В городском парке теперь ежедневно играет музыка, и по аллее движется весенний променад. Все кружат и возвращаются, расходятся и встречаются в симметричных, снова и снова повторяющихся арабесках. У молодых людей новые весенние шляпы, они небрежно держат в руке перчатки. Между стволами деревьев и сквозь живые изгороди просвечивают в соседних аллеях платья девушек. Девушки идут парами, покачивая бедрами, окруженные пышной пеной оборок и воланов; они, как лебеди, носят с собой эту розовую и белую пышность — колокола, полные цветущего муслина, — и иногда, садясь, опускают их на скамейки, словно утомленные их пустой парадностью, — опускают эти огромные розы из газа и батиста, и они распускаются, переливаясь лепестками. И тогда открываются ноги, положенные одна на другую или скрещенные — сплетенные в белую форму, исполненную неотразимой красноречивости, и молодые люди, проходя мимо, умолкают и бледнеют, потрясенные точностью аргумента, до глубины души убежденные и покоренные.
Приходит минута перед сумерками, и краски мира оказываются еще прекрасней. Все цвета встают на котурны, становятся праздничными, страстными и грустными. Парк быстро наполняется блестящим розовым лаком, от которого все предметы неожиданно выглядят безумно яркими и многоцветными. Однако в этих красках уже есть какая-то чересчур глубокая лазурь, какая-то слишком пронзительная и потому подозрительная красота.

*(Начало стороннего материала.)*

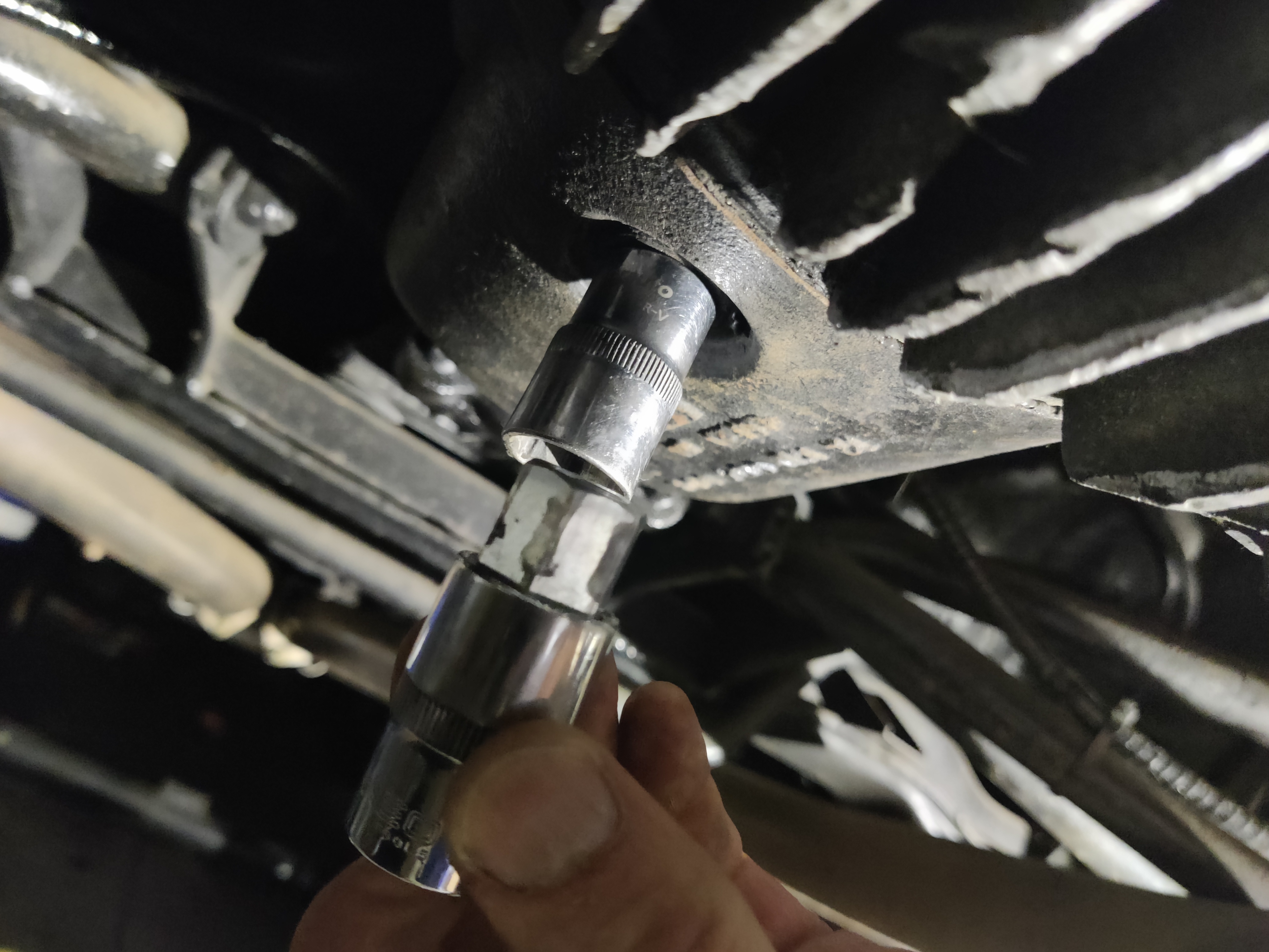 Donc, vidange du dif, bien entendu c'est encore un bouchon mal foutu avec un embout carré, un peu renfoncé qui plus est, une clef plate passe, mais impossible d'avoir assez de force.
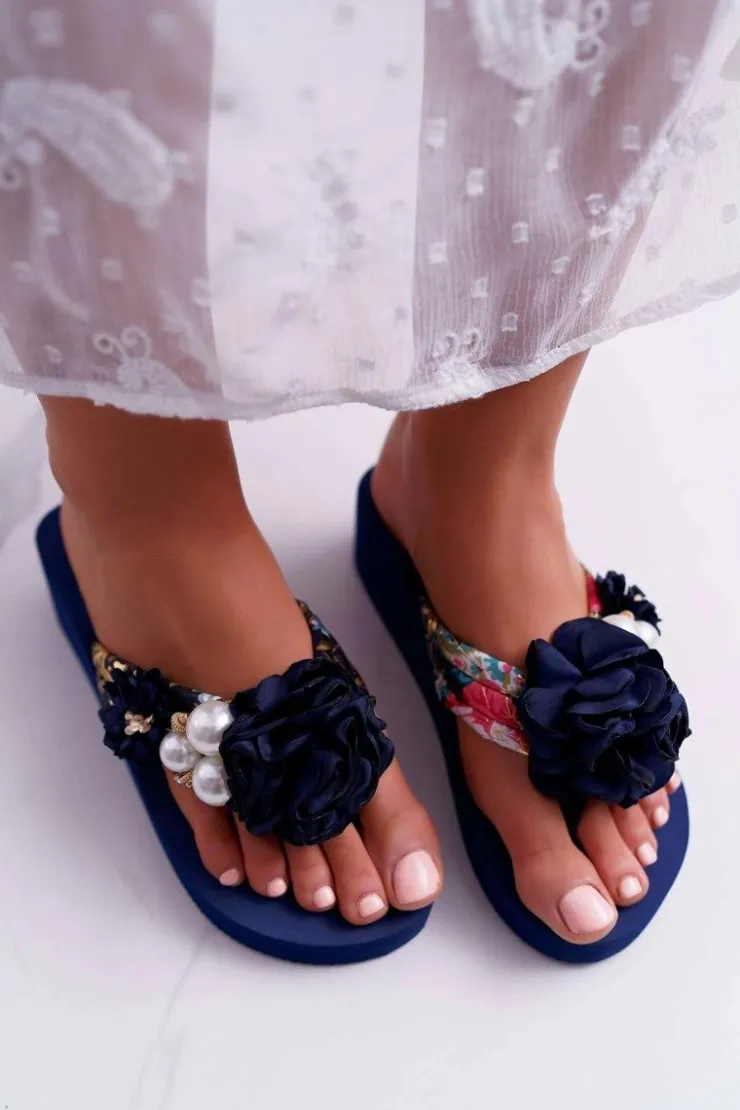 Boto Klapki Na Koturnie|Klapki Na Obcasie*Damskie Klapki Z Kwiatem Japonki Na Koturnie Granatowe Sharme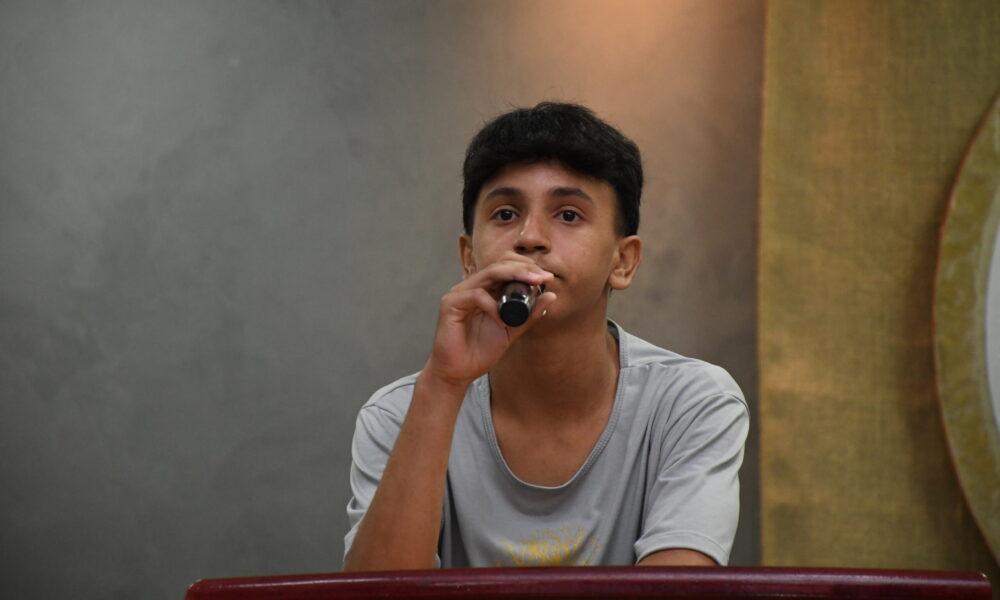 O garoto, da imagem acima, com 14 anos (ele completou no dia seguinte) surpreendeu ao ser convidado para cantar durante o encerramento da festa da juventude...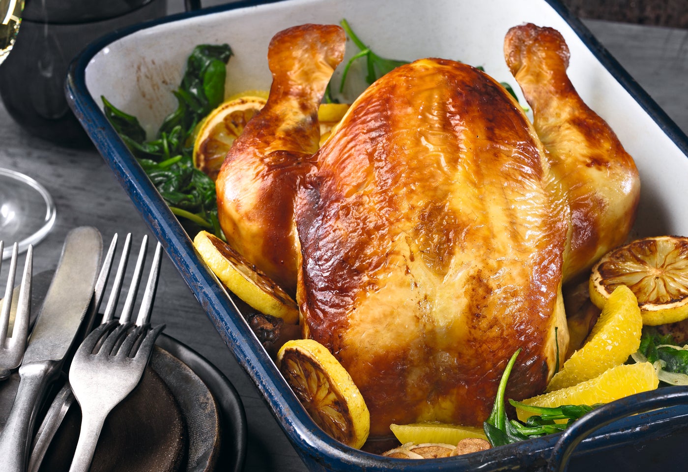 Orientalisch gefülltes Hendl mit Spinat und Orange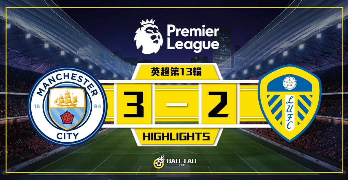 【曼城3-2險勝列斯聯 科頓上演梅開二度】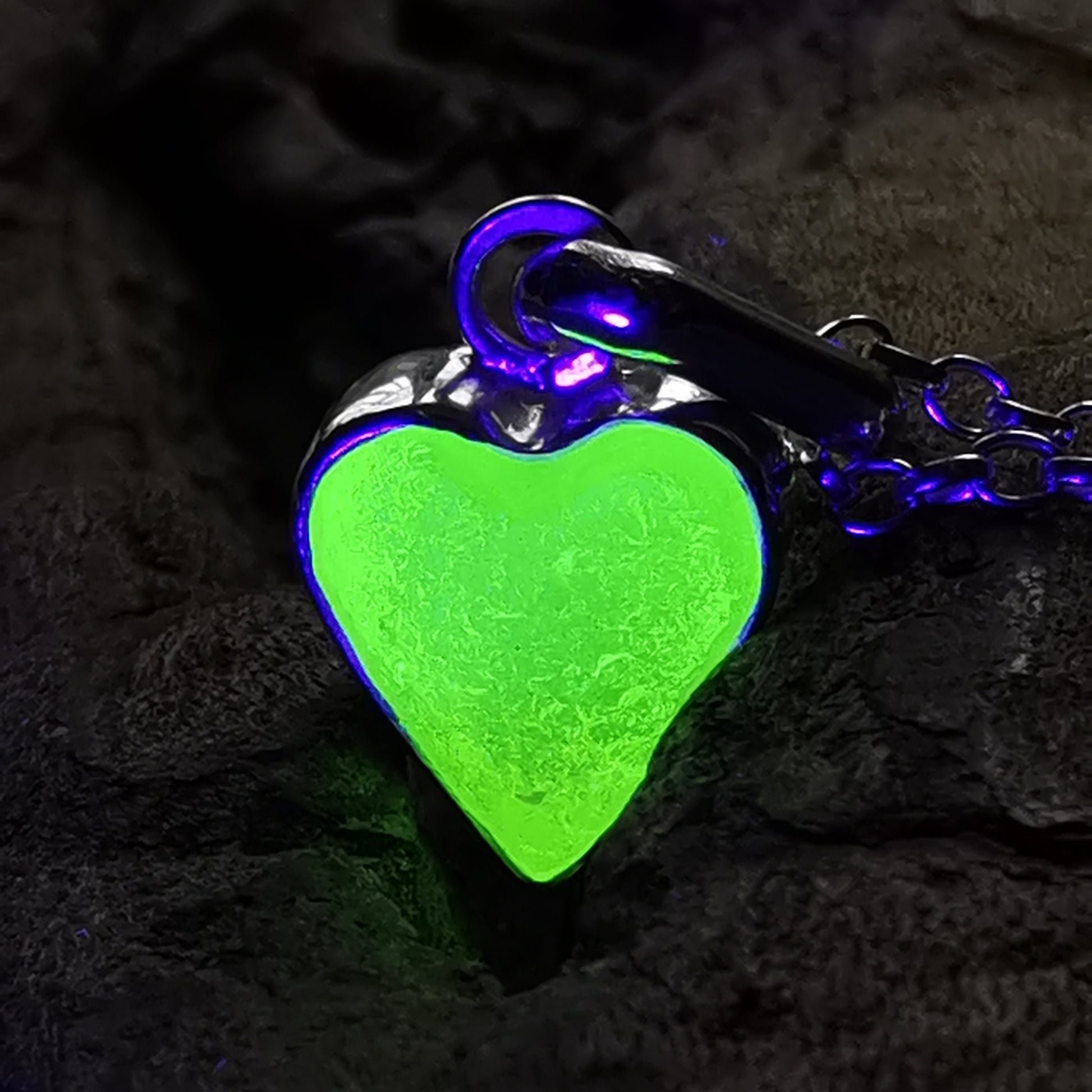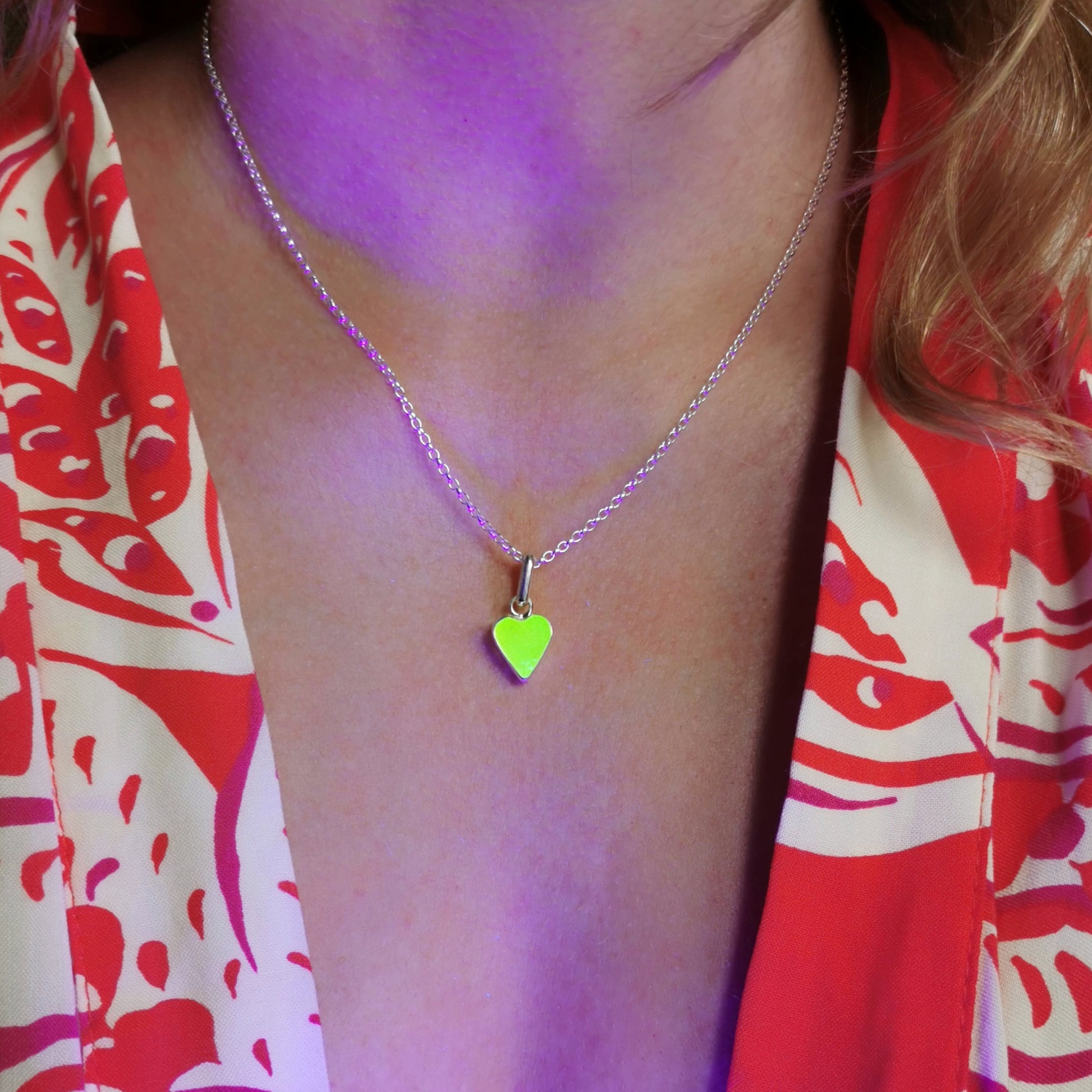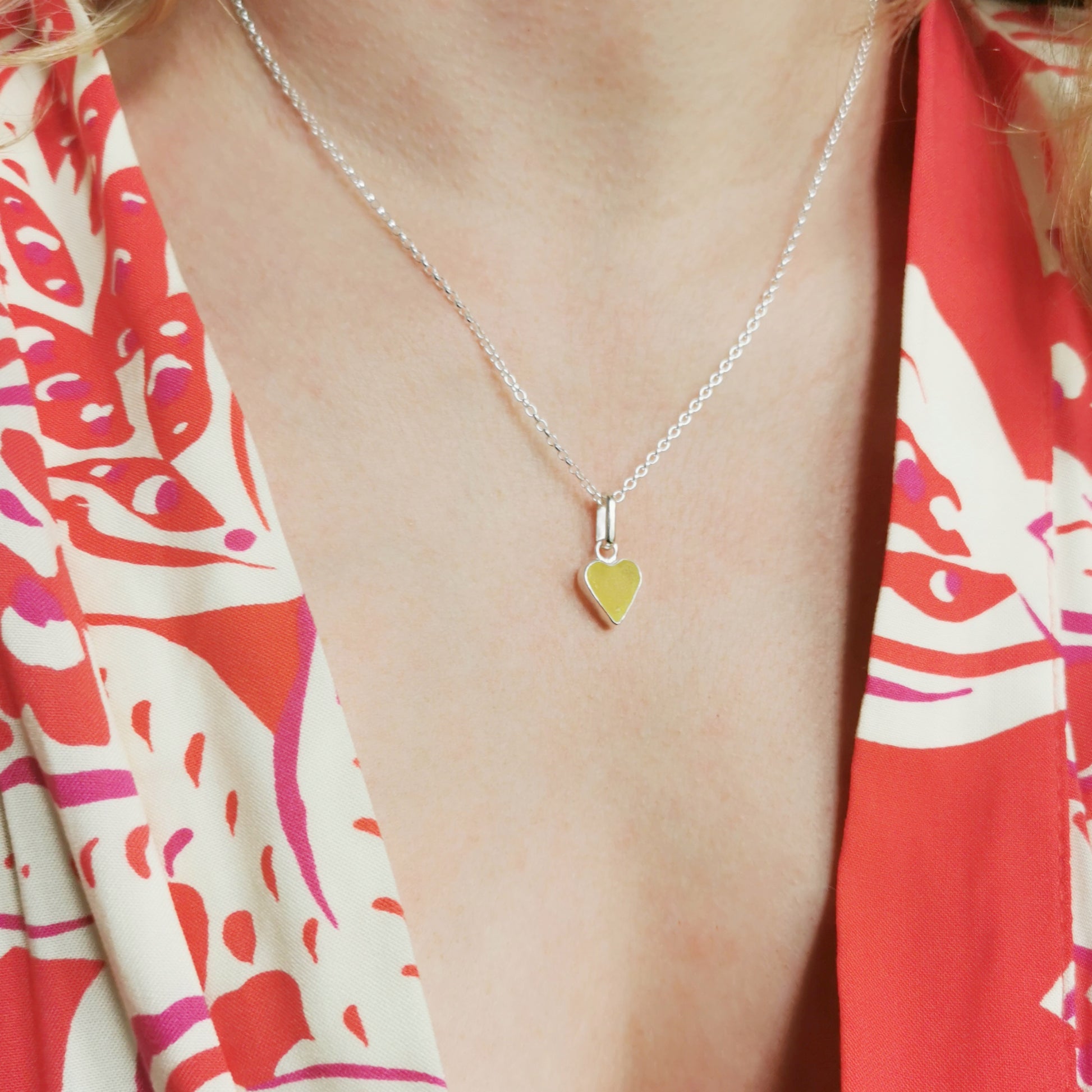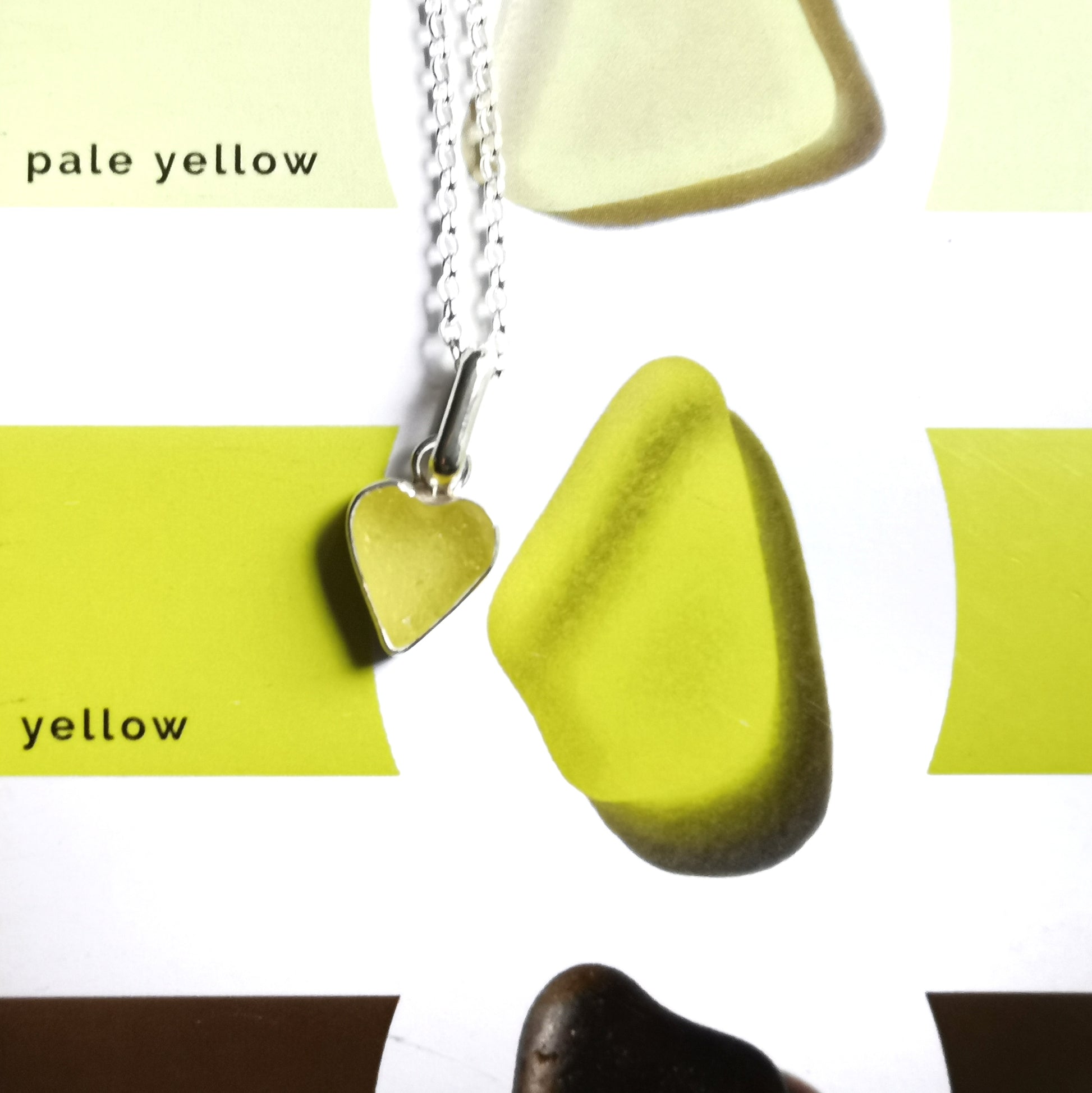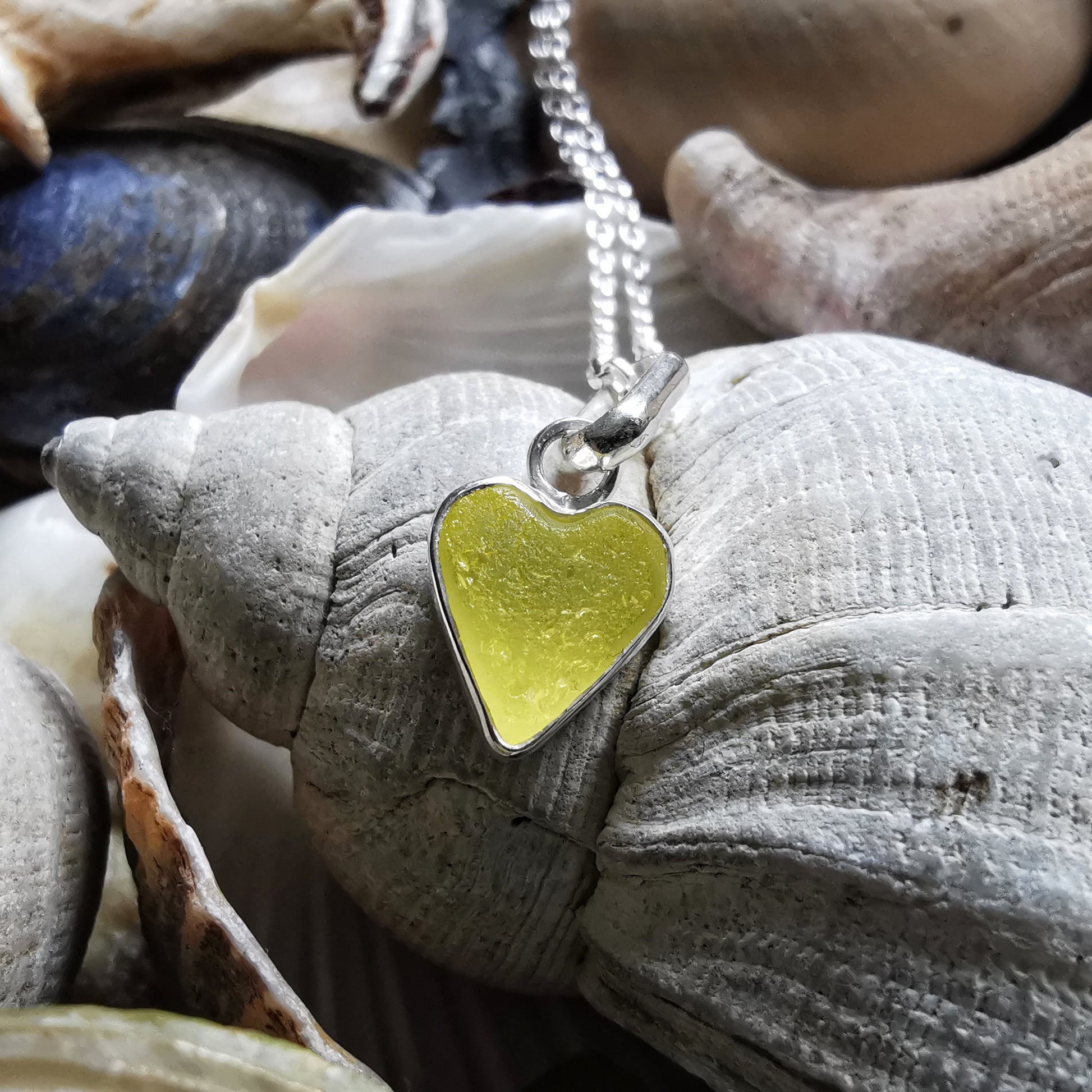 Scottish yellow UV sea glass & sterling silver heart pendant.

Еще минута, и вот чаща парка, припорошенная молодой зеленью, пока еще ветвистая и нагая, вся насквозь просвечивается розовым часом сумерек, подбитая с изнанки бальзамом прохлады, вспушенная неизреченной печалью всего, что навеки и смертно прекрасно.
Тогда вдруг весь парк становится как бы огромным молчащим оркестром, праздничным и сосредоточенным, ожидающим под поднятой дирижерской палочкой, когда в нем созреет и поднимется музыка, и неожиданно на эту громадную, потенциальную и страстную симфонию опускаются быстрые многоцветные театральные сумерки, словно под воздействием мгновенно набухающих во всех инструментах тонов где-то высоко молодую зелень пронизает голос укрывшейся в чаще иволги, и внезапно вокруг становится торжественно, одиноко и поздно, как в вечернем лесу.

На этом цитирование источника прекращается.